### Provided material

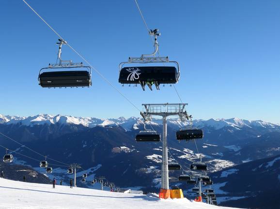 Auf dem Kronplatz gibt es nur noch moderne Sessel- und Gondelbahnen. Mehrere Kabinenbahnen sind sogar mit beheizbaren Ledersitzen ausgestattet. Ein Highlight ist die Ried-Gipfelbahn, die die Wintersportler direkt vom Bahnhof Percha auf einer Gesamtlänge von über 6 Kilometern auf den Gipfel des Kronplatzes befördert. Um die Sicherheit für Kinder zu gewährleisten, werden sogar in den Anfängerbereichen Gondelbahnen gebaut. Am Kronplatz gibt es die kürzeste Achter- und Zwölfergondelbahn weltweit.
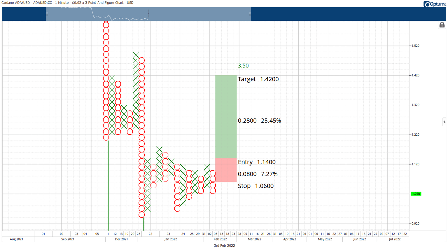 A hypothetical long entry now exists on the Point and Figure chart of Cardano price. The entry is a buy stop order at $1.14, a stop loss at $1.06, and a profit target at $1.42. In addition, the entry is based on an Ascending Triple Top pattern, where the entry coincides with a breakout above the upper part of the ten-day trading range.
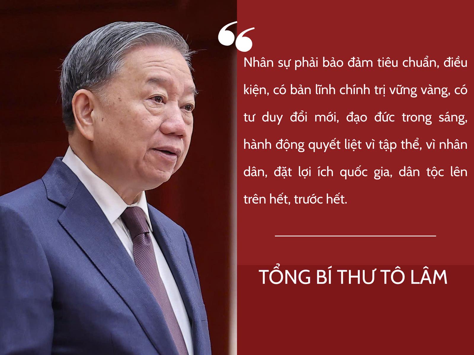 Tổng Bí thư Tô Lâm nhấn mạnh về công tác cán bộ. Ảnh: TH
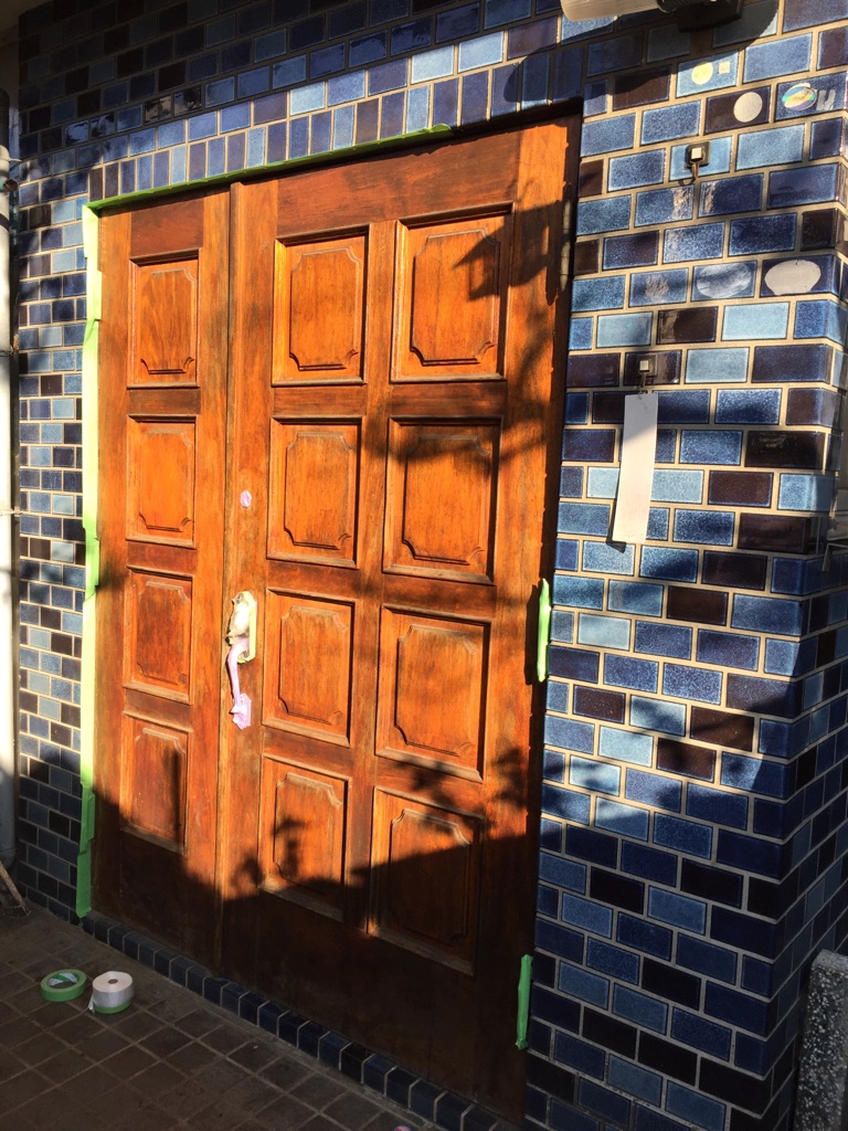 玄関ドアも一度も処理することなく塗装を何度も繰り返している様子です。
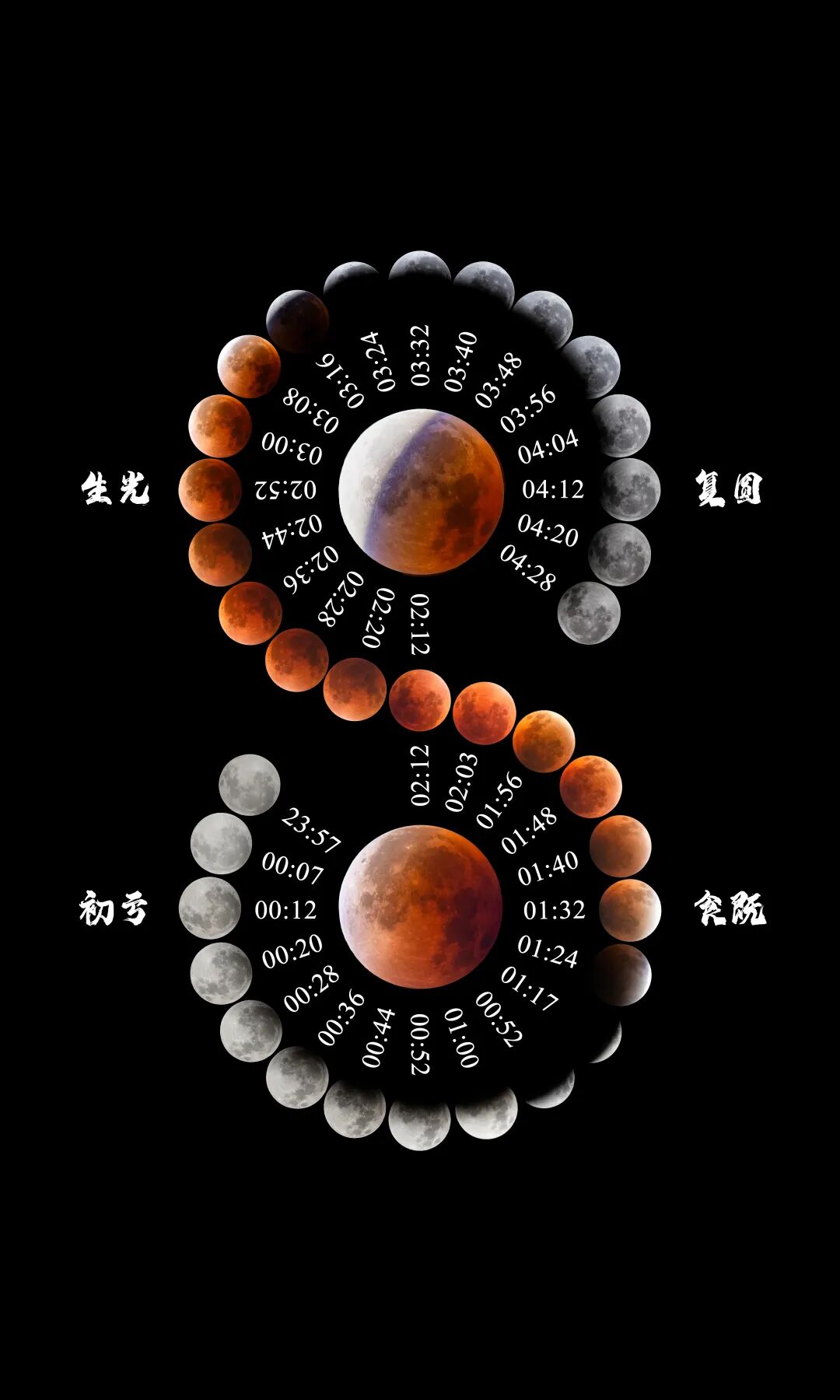 据紫金山天文台预报,3月3日月全食全程分为7个阶段,建议提前就位等候:
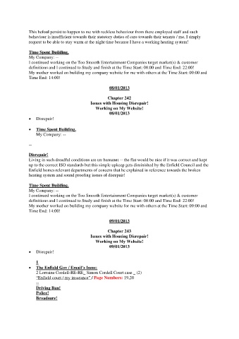 behaviour is insufficient towards their statutory duties of care towards their tenants / me, I simply
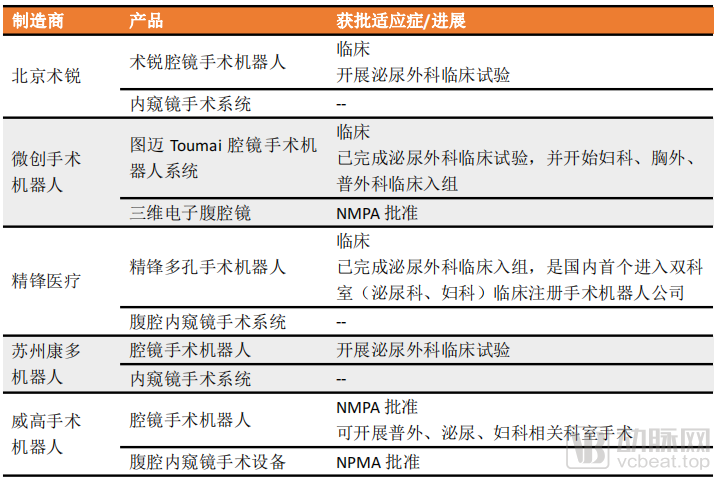 据悉,目前我国市场上已有多家腹腔镜手术机器人在获批、临床等不同阶段。其中已获批的威高手术机器人可用于普外、泌尿、妇科相关科室手术;微创机器人、精锋医疗、术锐、康多等多家机器人也已经相继开展泌尿外科临床试验。
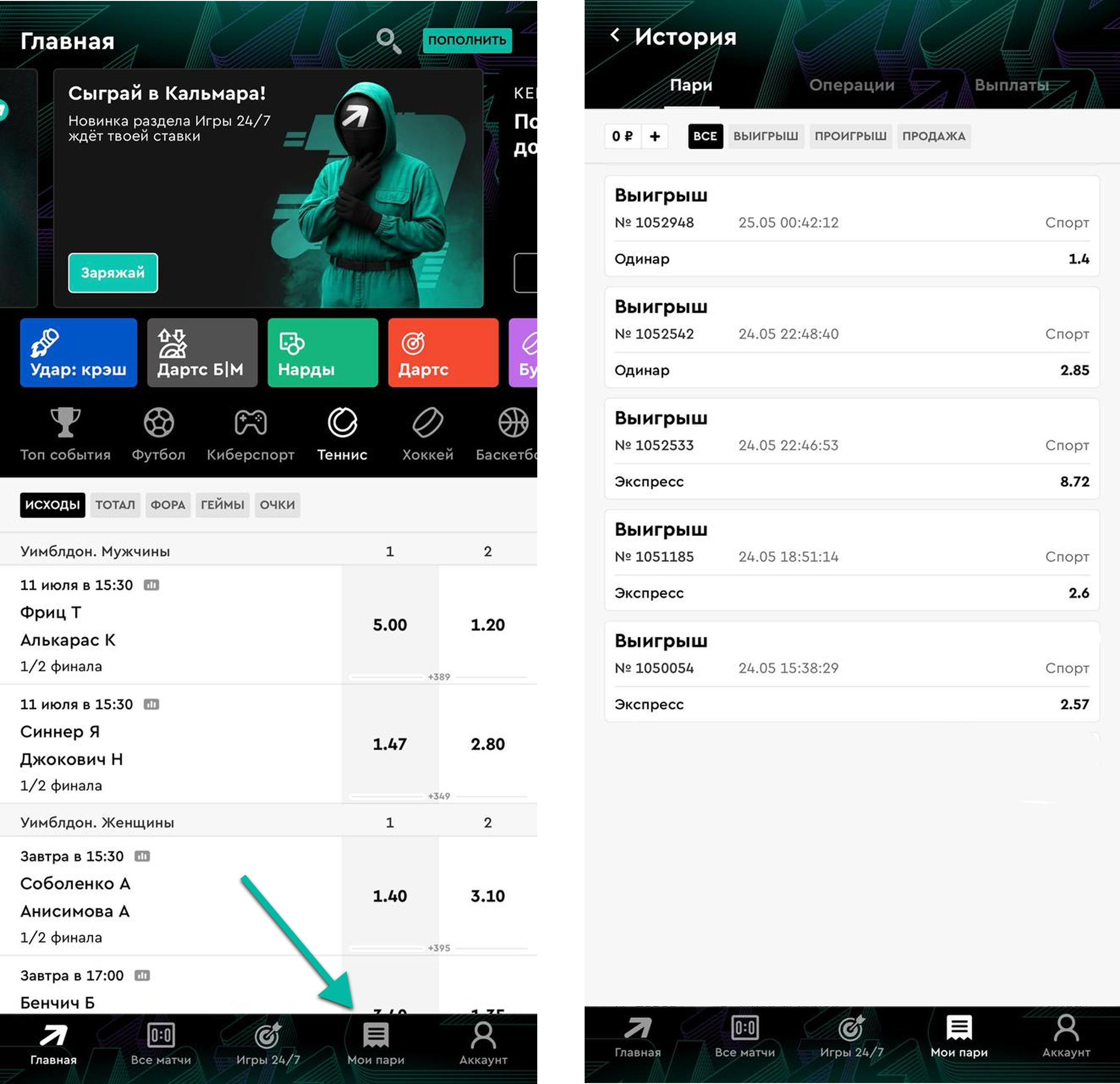 Либо просто нажмите на соответствующий раздел в меню с названием «Мои пари».

### Directions for this task
Each entry above must be repeated word for word, minus its images.

### Finished task
 Auf dem Kronplatz gibt es nur noch moderne Sessel- und Gondelbahnen. Mehrere Kabinenbahnen sind sogar mit beheizbaren Ledersitzen ausgestattet. Ein Highlight ist die Ried-Gipfelbahn, die die Wintersportler direkt vom Bahnhof Percha auf einer Gesamtlänge von über 6 Kilometern auf den Gipfel des Kronplatzes befördert. Um die Sicherheit für Kinder zu gewährleisten, werden sogar in den Anfängerbereichen Gondelbahnen gebaut. Am Kronplatz gibt es die kürzeste Achter- und Zwölfergondelbahn weltweit.
 A hypothetical long entry now exists on the Point and Figure chart of Cardano price. The entry is a buy stop order at $1.14, a stop loss at $1.06, and a profit target at $1.42. In addition, the entry is based on an Ascending Triple Top pattern, where the entry coincides with a breakout above the upper part of the ten-day trading range.
 Tổng Bí thư Tô Lâm nhấn mạnh về công tác cán bộ. Ảnh: TH
 玄関ドアも一度も処理することなく塗装を何度も繰り返している様子です。
 据紫金山天文台预报,3月3日月全食全程分为7个阶段,建议提前就位等候:
 behaviour is insufficient towards their statutory duties of care towards their tenants / me, I simply
 据悉,目前我国市场上已有多家腹腔镜手术机器人在获批、临床等不同阶段。其中已获批的威高手术机器人可用于普外、泌尿、妇科相关科室手术;微创机器人、精锋医疗、术锐、康多等多家机器人也已经相继开展泌尿外科临床试验。
 Либо просто нажмите на соответствующий раздел в меню с названием «Мои пари».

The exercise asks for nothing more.